Component-wise contribution (128 frames, VideoMME Overall):

Multi-Ref MoRef Attn Ref Fusion Overall
64.9
63.9
62.0
65.8
66.3

Partition without fusion leads to performance degradation; MoRef attention is the primary source of gain (+3.8); Reference Fusion provides further improvement (+0.5).

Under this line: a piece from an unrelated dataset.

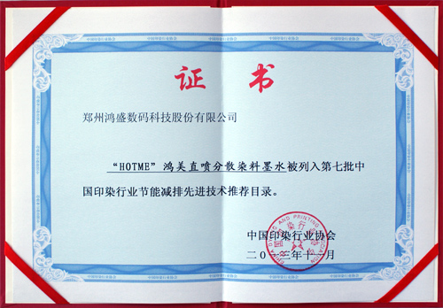2013全國印染行業節能環保年會還表彰了十幾家“節能減排**企業”,發布了《第七批中國印染行業節能減排先進技術推薦目錄》,并頒發證書。其中鴻盛數碼的“HOTME”鴻美直噴分散染料墨水被列入第七批中國印染行業節能減排先進技術推薦目錄。另外,鴻盛數碼苑雯潔經理題為《鴻盛數碼直噴分散染料墨水應用研究》和《鴻盛數碼“捷特絲”紡織涂料墨水無水印花應用研究》兩篇論文入選2013傳化股份全國印染行業節能環保年會論文集。

Effect of the number of parallel chunks \(N\):

N FLOPs Overall
1 (default) 100% 64.9
2 27.6% 66.3
4 25% 66.1
8 23.6% 65.9

\(N=2\) yields the best performance while reducing FLOPs to only 27.6% of the baseline.

Key Findings

  • The core advantage of Free-MoRef lies in MoRef attention enabling effective participation of all visual tokens in query updates, approximating full attention at substantially reduced cost.
  • The number of temporal units \(M\) governs the trade-off between temporal perception (TP) and spatial perception (SP): small \(M\) favors SP while large \(M\) favors TP.
  • The choice of fusion layer \(L\) is critical: too early risks information loss; too late reduces the compensatory effect of cross-chunk visual interaction.
  • Performance improves across nearly all question types in VideoMME, with the sole exception of attribute perception tasks, where the queried content spans only short video segments and extended context introduces redundancy.

Highlights & Insights

  • Plug-and-play without training: No training or additional parameters are required; any existing Video-MLLM can immediately benefit from the method.
  • Creative transfer of the MoE paradigm: The notion of "multiple experts processing different data" is recast as "a single model querying different reference video segments."
  • Remarkable computational efficiency: 8× frame input requires only 27.6%–400% of the original FLOPs; up to 1024 frames can be processed on a single A100 GPU.
  • High compatibility: Supports Flash-Attention and is orthogonally composable with streaming inference or token compression schemes.

Limitations & Future Work

  • Multi-reference partitioning disrupts the continuity of visual features across chunks; Reference Fusion only partially compensates for this.
  • Hyperparameters (\(M\), \(N\), \(L\)) require manual configuration and lack an adaptive mechanism.
  • Validation is limited to LLaVA-Video-7B; larger models and alternative architectures remain untested.
  • Attribute perception (AP) tasks exhibit a slight performance decline due to context extension.
  • The MoRef attention design may inspire training-time long-context learning schemes, but this direction is not explored in the paper.
  • FastV reveals the difference in how LLMs process visual tokens in shallow versus deep layers, informing the timing of Reference Fusion.
  • The MoE paradigm is elegantly analogized to mixture of references.
  • Streaming inference (e.g., INF-MLLM) and token compression (e.g., PruneVid) are orthogonal to and composable with Free-MoRef.
  • LLaVA-Video's default 64-frame limit highlights the inherent tension between frame count and context length.

Rating

  • Novelty: ⭐⭐⭐⭐⭐ The training-free approach is highly innovative; the MoRef attention design is elegant; the analogy from MoE to multi-reference is inspiring.
  • Experimental Thoroughness: ⭐⭐⭐⭐ Comprehensive evaluation across three long-video benchmarks with detailed ablations, though limited to a single base model.
  • Writing Quality: ⭐⭐⭐⭐ Architecture diagrams are clear; attention pattern visualizations are persuasive.
  • Value: ⭐⭐⭐⭐⭐ Extremely high practical value; any Video-MLLM can benefit immediately; code is open-sourced.